$\triangle ABC$ and $\triangle ADE$ are isosceles. Show that $\angle BAD=\angle EAC$

Question

I'm not sure if my answer is correct for the following question:

$\triangle ABC$ and $\triangle ADE$ are isosceles. Show that $\angle BAD=\angle EAC$.

My answer to this question is:

• $AB=AD$ (Given, properties of isosceles $\triangle$)
• $AC=AE$ (Given, properties of isosceles $\triangle$)
• $\angle BAD+\angle BAO=\angle EAC+\angle OAC$ ($AO$ bisects $BC$)

Therefore, $\triangle ABC\cong\triangle ADE$ (Side-Angle-Side) and $\angle BAD=\angle EAC$.

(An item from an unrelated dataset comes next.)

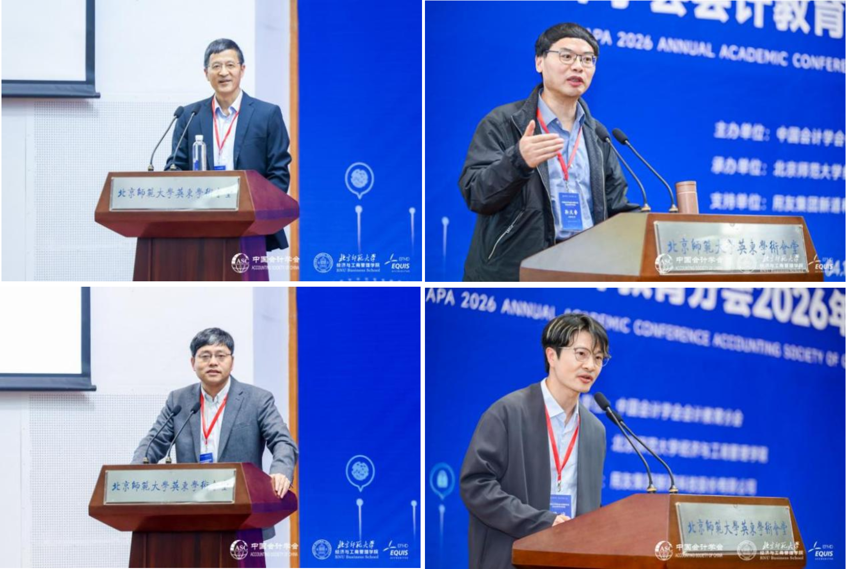 4月18日上午举行会议开幕式及主题演讲。北京师范大学常务副校长王守军、中国会计学会副秘书长胡宁、中国会计学会会计教育分会会长靳庆鲁分别致辞。王守军副校长代表北师大对与会嘉宾表示诚挚欢迎,强调2026年是十五五规划的开局之年,也是贯彻落实党的二十届四中全会精神的关键一年,他指出本届年会主题紧扣中央决策部署和对接国家战略需求,并期望通过会议实现思想碰撞和凝聚共识,推动会计学科发展。胡宁副秘书长代表学会祝贺年会顺利召开,指出会计教育分会应结合本届年会在新质生产力场景下的会计教育转型、人才培养模式创新等前沿问题做出突破口,真正让中国会计自主知识体系“进课堂”、“进头脑”。靳庆鲁会长在致辞中介绍了中国会计学会会计教育分会历史沿革及运行方式,指出本次年会主题是对会计学科转型发展及新质生产力培育的深度思考,强调会计学科必须主动思变求变,加快理论重构与方法创新,以适配国家战略与时代需求,期望与会专家就前沿问题深入探讨,推动会计理论研究与实践发展。开幕式由北京师范大学经济与工商管理学院崔学刚教授主持。

Can someone please check if my answer is correct or is there a better way to solve the question?

Answer 1

Your answer is completely wrong; $AB$ need not even equal $AD$. Instead, note that (with $AO\perp BC)$ $$\angle BAO=\angle OAC$$ $$\angle DAO=\angle OAE$$ Subtracting the second equality from the first gives $$\angle BAO-\angle DAO=\angle OAC-\angle OAE$$ $$\angle BAD=\angle EAC$$ as desired.

Answer 2

$AB = AD$ and $AC = AE$ are not correct. Instead,

• Since $AD = AE$, we know that $\angle ADE = \angle AED \implies \angle ADB = \angle AEC$.

• Also, by the equality $AB =AC$, we have $\angle ABD = \angle ACE$.

Using these two, we can directly conclude that $\angle BAD = \angle AEC$ because we know that $\angle ABD + \angle ADB + \angle BAD = \angle ACE+\angle AEC + \angle EAC\ (= 180^\circ)$.